> [Data listing]:
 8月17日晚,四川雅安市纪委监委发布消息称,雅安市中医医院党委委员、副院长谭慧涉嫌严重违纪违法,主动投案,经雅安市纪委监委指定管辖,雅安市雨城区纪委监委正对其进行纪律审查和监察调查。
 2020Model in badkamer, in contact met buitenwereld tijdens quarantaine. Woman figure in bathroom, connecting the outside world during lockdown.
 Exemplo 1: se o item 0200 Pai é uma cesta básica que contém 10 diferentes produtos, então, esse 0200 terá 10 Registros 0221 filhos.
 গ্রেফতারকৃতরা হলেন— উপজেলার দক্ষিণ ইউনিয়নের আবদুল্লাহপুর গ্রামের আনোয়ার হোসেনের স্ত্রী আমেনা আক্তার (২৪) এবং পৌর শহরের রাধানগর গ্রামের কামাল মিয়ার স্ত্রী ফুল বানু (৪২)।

* * *

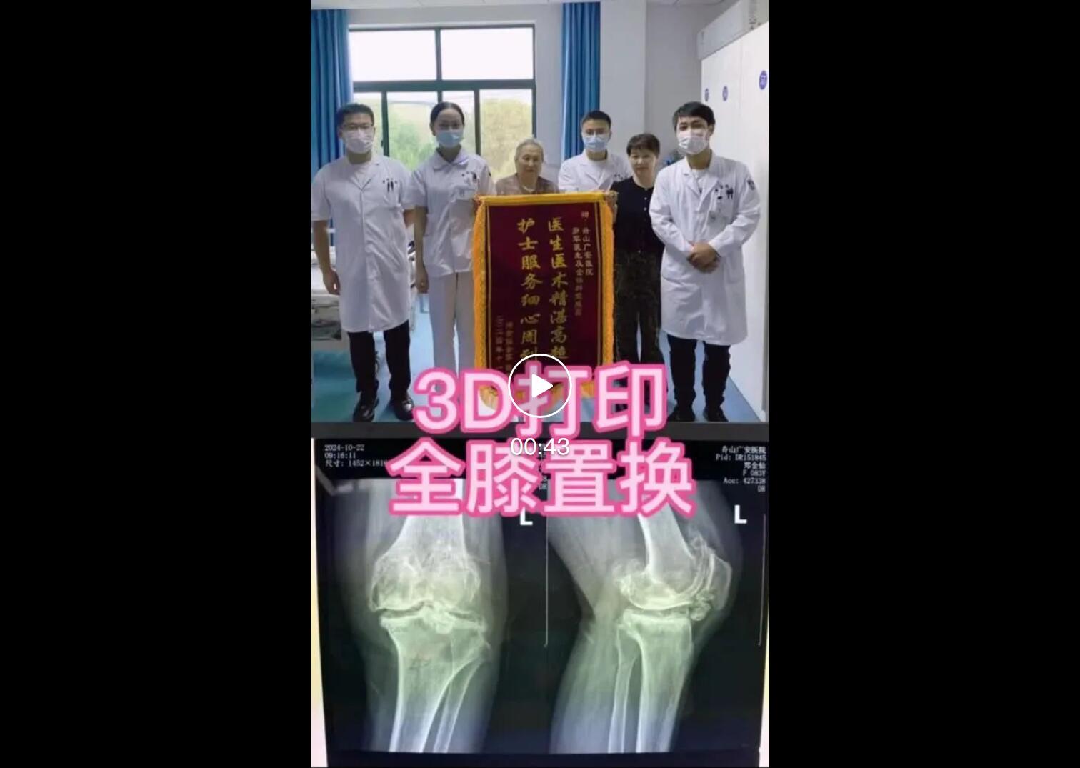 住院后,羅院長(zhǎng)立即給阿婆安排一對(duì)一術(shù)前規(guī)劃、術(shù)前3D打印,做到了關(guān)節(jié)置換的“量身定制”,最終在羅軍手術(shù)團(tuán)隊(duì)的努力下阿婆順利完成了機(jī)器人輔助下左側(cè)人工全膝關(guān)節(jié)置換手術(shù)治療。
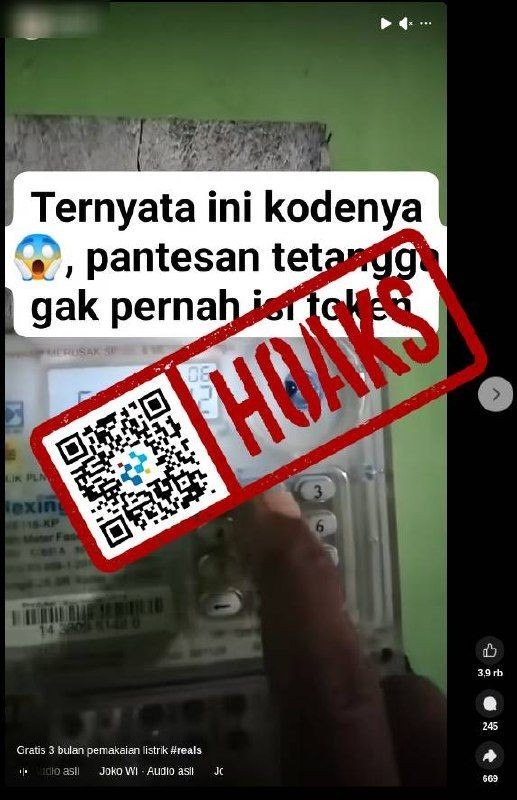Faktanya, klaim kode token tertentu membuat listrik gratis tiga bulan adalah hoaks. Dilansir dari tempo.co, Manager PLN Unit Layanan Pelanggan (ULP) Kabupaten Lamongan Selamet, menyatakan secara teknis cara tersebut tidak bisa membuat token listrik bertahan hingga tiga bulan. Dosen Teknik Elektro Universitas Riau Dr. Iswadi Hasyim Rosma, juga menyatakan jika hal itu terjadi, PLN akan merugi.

> [What you will do]:
Give an exact copy of the lines above from the line with "8月17日晚,四川雅安市纪委" up to and including the line with "গ্রেফতারকৃতরা হলেন— উপজেলার", and leave everything else out.

> [Output of the task]:
 8月17日晚,四川雅安市纪委监委发布消息称,雅安市中医医院党委委员、副院长谭慧涉嫌严重违纪违法,主动投案,经雅安市纪委监委指定管辖,雅安市雨城区纪委监委正对其进行纪律审查和监察调查。
 2020Model in badkamer, in contact met buitenwereld tijdens quarantaine. Woman figure in bathroom, connecting the outside world during lockdown.
 Exemplo 1: se o item 0200 Pai é uma cesta básica que contém 10 diferentes produtos, então, esse 0200 terá 10 Registros 0221 filhos.
 গ্রেফতারকৃতরা হলেন— উপজেলার দক্ষিণ ইউনিয়নের আবদুল্লাহপুর গ্রামের আনোয়ার হোসেনের স্ত্রী আমেনা আক্তার (২৪) এবং পৌর শহরের রাধানগর গ্রামের কামাল মিয়ার স্ত্রী ফুল বানু (৪২)।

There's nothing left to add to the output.